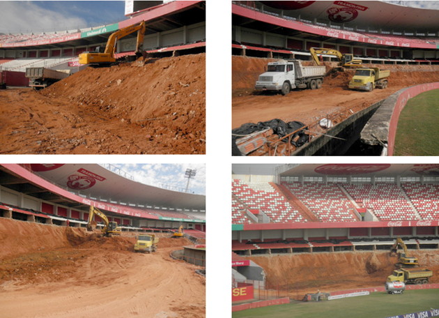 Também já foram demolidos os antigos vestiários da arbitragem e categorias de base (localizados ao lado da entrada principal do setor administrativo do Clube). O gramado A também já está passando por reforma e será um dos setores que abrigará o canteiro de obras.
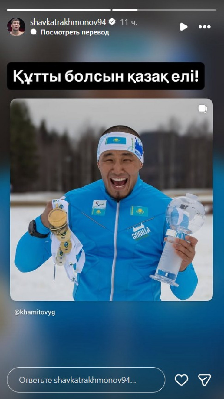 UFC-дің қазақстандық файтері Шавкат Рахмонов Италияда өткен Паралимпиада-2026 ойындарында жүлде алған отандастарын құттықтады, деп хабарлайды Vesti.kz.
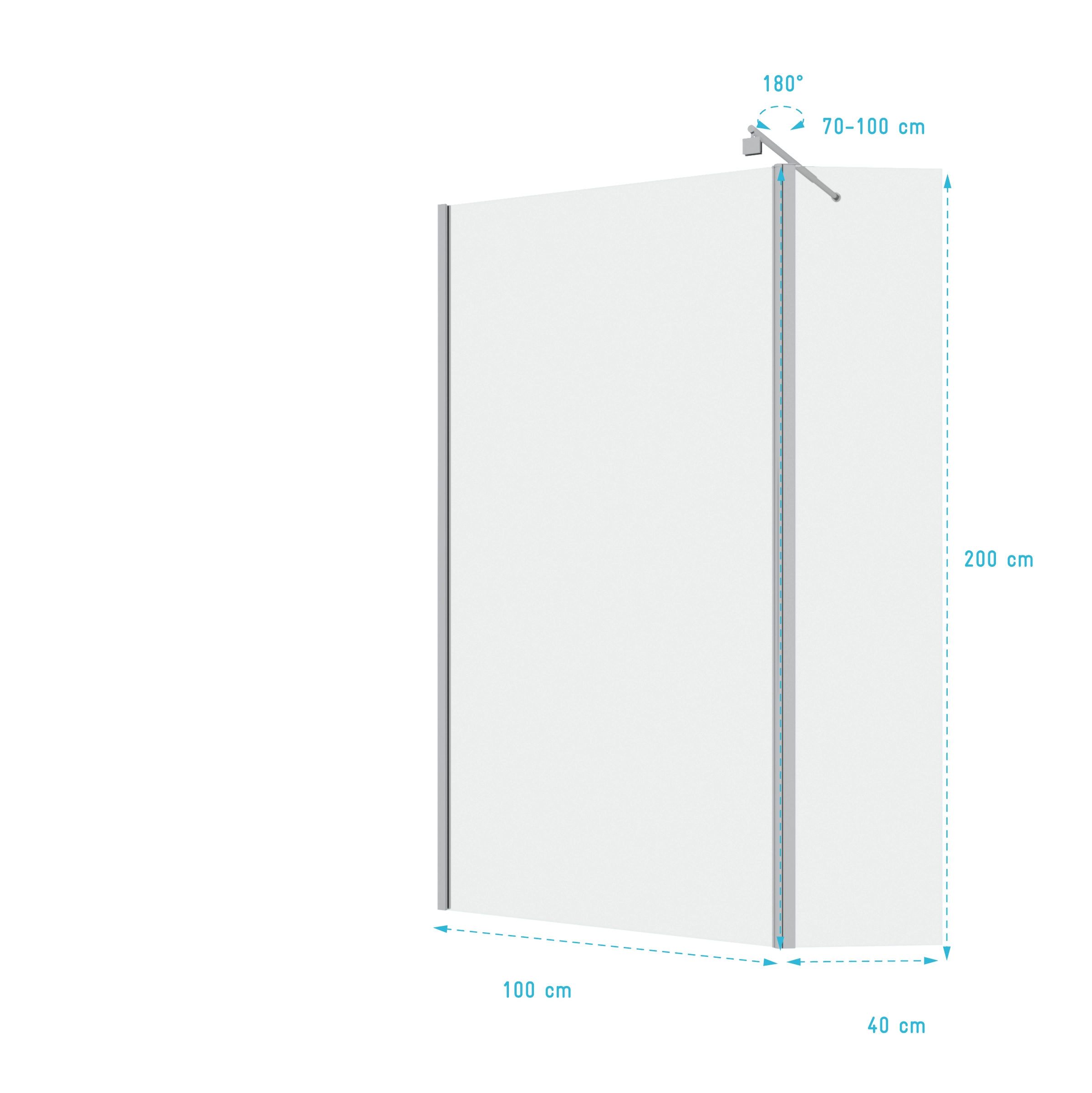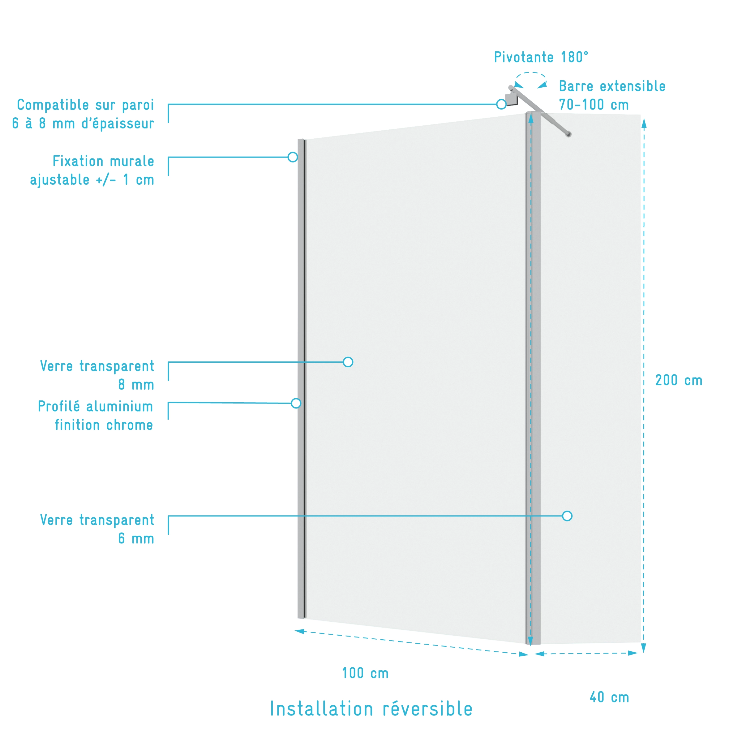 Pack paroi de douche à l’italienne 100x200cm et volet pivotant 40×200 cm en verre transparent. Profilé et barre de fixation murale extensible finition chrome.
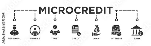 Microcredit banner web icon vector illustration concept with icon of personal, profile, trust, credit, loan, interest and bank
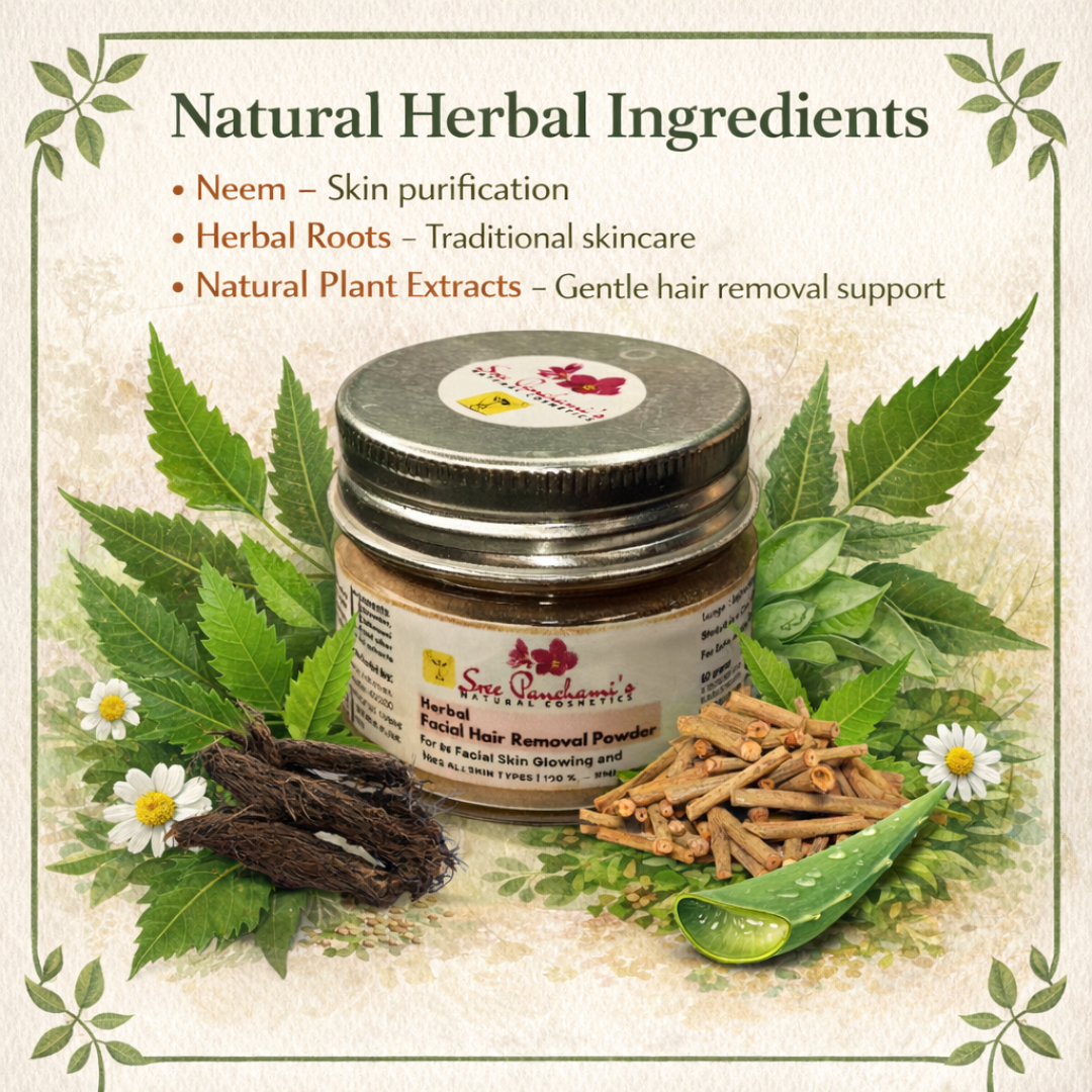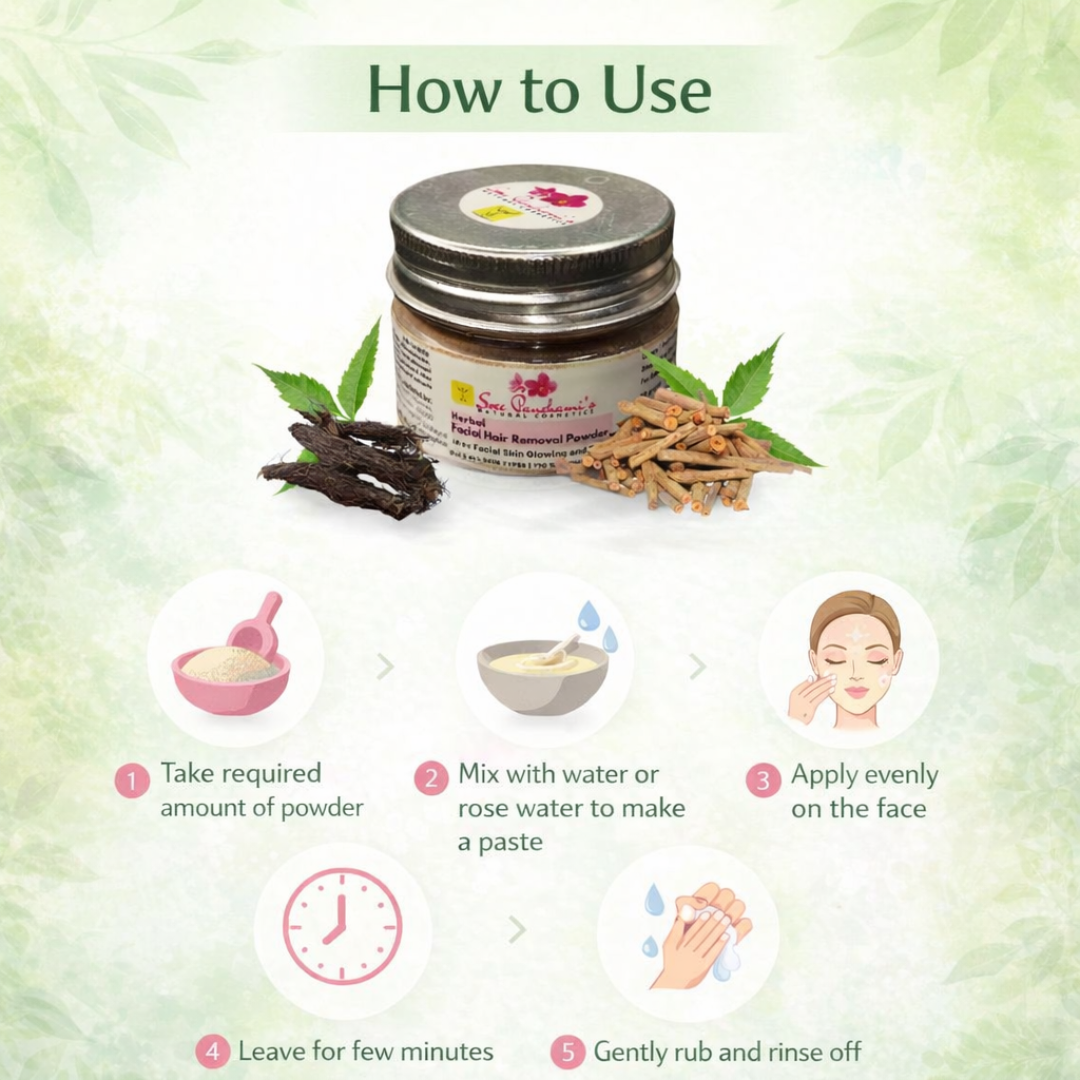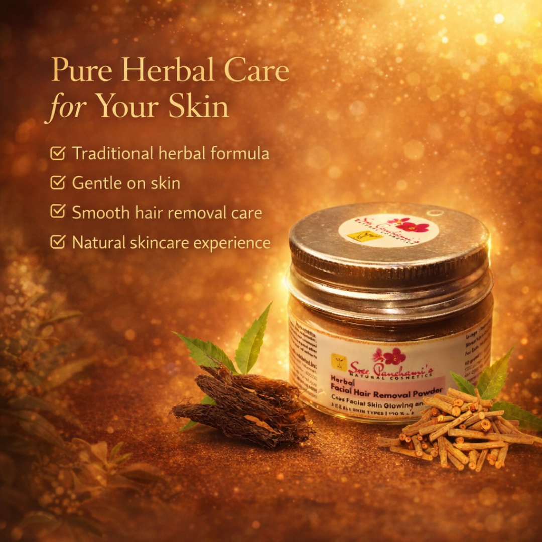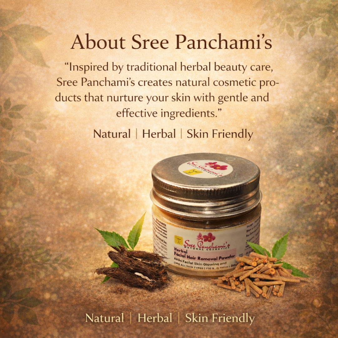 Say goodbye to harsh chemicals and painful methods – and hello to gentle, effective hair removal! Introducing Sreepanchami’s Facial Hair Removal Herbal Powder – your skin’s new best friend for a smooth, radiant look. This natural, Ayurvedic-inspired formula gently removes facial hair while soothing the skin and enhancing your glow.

...

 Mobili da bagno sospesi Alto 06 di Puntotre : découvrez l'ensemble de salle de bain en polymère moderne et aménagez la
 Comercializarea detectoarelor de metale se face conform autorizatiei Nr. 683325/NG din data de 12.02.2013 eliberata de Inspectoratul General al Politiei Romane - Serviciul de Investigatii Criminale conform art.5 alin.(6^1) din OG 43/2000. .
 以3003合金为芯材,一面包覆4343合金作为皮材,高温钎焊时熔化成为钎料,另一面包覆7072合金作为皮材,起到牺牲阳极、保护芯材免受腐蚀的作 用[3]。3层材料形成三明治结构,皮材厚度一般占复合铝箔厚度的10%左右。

...

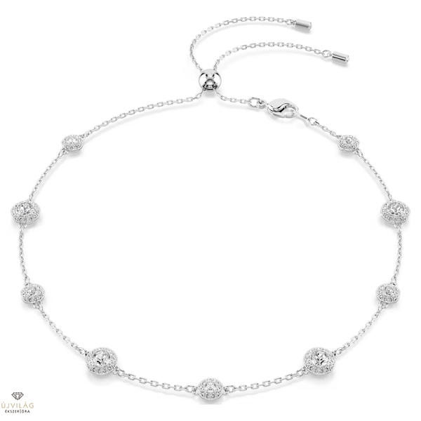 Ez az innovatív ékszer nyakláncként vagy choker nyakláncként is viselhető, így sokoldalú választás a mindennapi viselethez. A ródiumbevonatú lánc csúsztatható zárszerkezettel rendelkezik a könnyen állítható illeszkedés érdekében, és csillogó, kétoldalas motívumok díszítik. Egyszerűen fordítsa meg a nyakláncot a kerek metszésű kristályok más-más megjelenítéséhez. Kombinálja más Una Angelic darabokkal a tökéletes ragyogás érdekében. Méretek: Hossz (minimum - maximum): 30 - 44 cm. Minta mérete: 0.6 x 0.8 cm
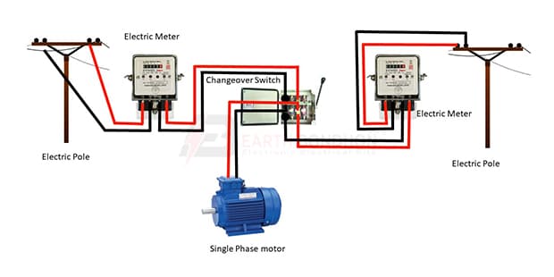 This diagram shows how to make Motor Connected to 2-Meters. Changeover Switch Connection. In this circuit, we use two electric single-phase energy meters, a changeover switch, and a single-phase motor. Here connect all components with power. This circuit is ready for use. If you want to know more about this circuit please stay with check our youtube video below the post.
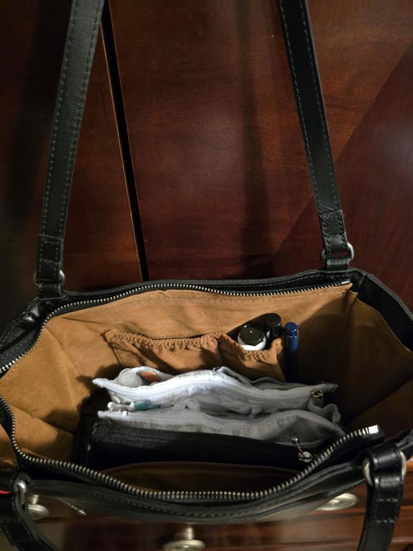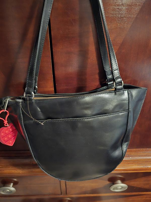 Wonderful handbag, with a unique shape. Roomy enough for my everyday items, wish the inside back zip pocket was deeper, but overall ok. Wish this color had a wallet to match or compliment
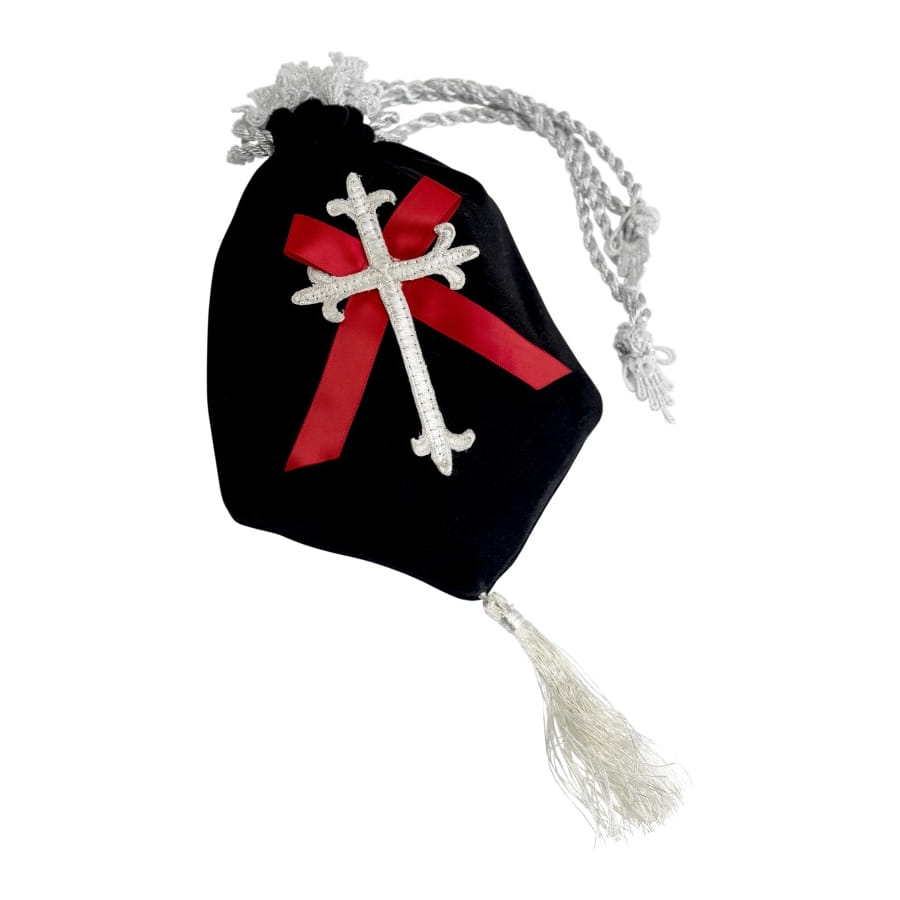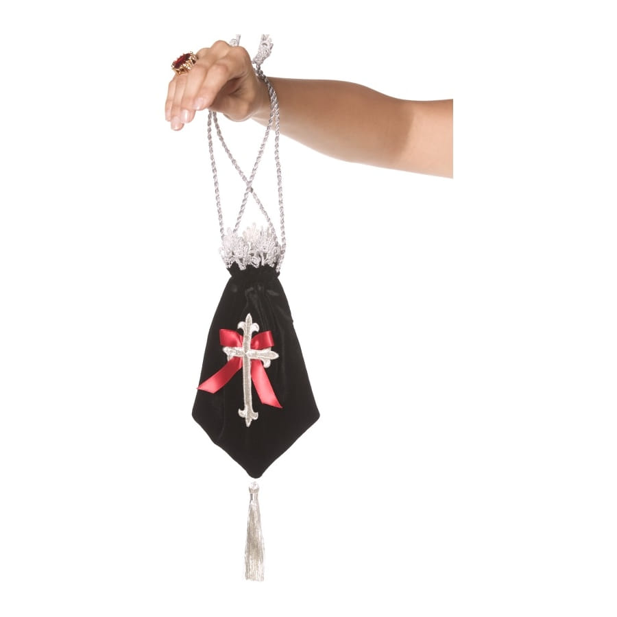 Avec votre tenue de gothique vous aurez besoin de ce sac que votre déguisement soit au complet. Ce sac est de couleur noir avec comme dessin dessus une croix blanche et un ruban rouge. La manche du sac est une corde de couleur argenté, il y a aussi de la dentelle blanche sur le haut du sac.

WORK INSTRUCTION.
The required answer is the exact run of lines above starting at the line with "Comercializarea detectoarelor de" and ending at the line with "以3003合金为芯材,一面包", with both ends present.

EXERCISE ANSWER.
 Comercializarea detectoarelor de metale se face conform autorizatiei Nr. 683325/NG din data de 12.02.2013 eliberata de Inspectoratul General al Politiei Romane - Serviciul de Investigatii Criminale conform art.5 alin.(6^1) din OG 43/2000. .
 以3003合金为芯材,一面包覆4343合金作为皮材,高温钎焊时熔化成为钎料,另一面包覆7072合金作为皮材,起到牺牲阳极、保护芯材免受腐蚀的作 用[3]。3层材料形成三明治结构,皮材厚度一般占复合铝箔厚度的10%左右。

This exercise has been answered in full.